» Stored data
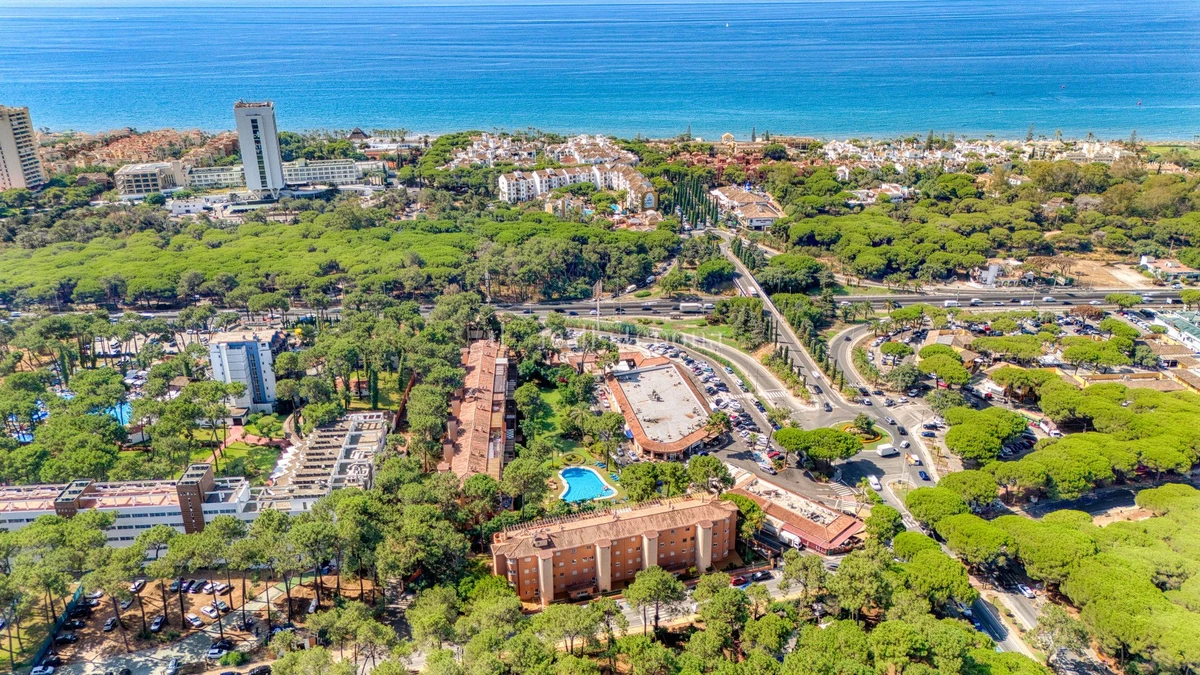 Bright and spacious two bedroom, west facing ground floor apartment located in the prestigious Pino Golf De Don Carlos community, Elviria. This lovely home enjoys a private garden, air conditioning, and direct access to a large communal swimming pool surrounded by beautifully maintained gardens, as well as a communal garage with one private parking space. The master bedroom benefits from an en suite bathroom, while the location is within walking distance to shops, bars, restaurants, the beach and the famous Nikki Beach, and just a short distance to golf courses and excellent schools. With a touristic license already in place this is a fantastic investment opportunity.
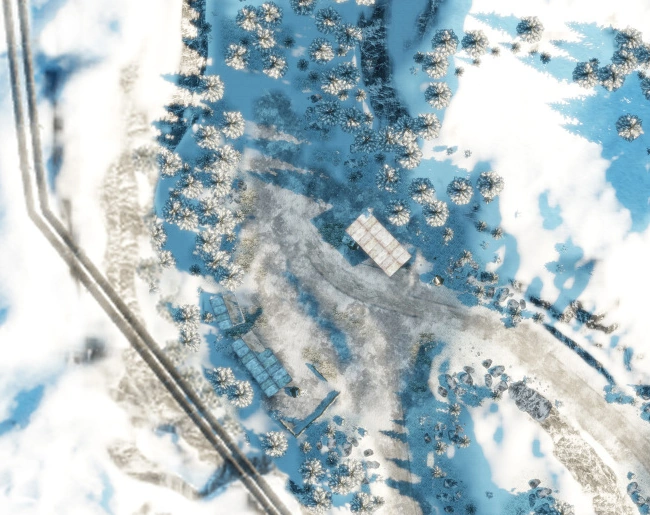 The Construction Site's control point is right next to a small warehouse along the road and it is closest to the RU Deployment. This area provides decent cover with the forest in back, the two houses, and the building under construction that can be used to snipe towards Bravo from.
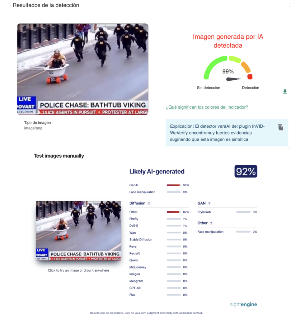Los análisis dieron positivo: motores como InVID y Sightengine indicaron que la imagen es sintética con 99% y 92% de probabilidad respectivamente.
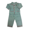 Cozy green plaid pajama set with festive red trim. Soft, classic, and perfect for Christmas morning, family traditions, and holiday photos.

» Try it
What do the lines above say from the line containing "Los análisis dieron" through the last line? Quote them exactly, both ends included, and leave out the pictures.

» Answer box
Los análisis dieron positivo: motores como InVID y Sightengine indicaron que la imagen es sintética con 99% y 92% de probabilidad respectivamente.
 Cozy green plaid pajama set with festive red trim. Soft, classic, and perfect for Christmas morning, family traditions, and holiday photos.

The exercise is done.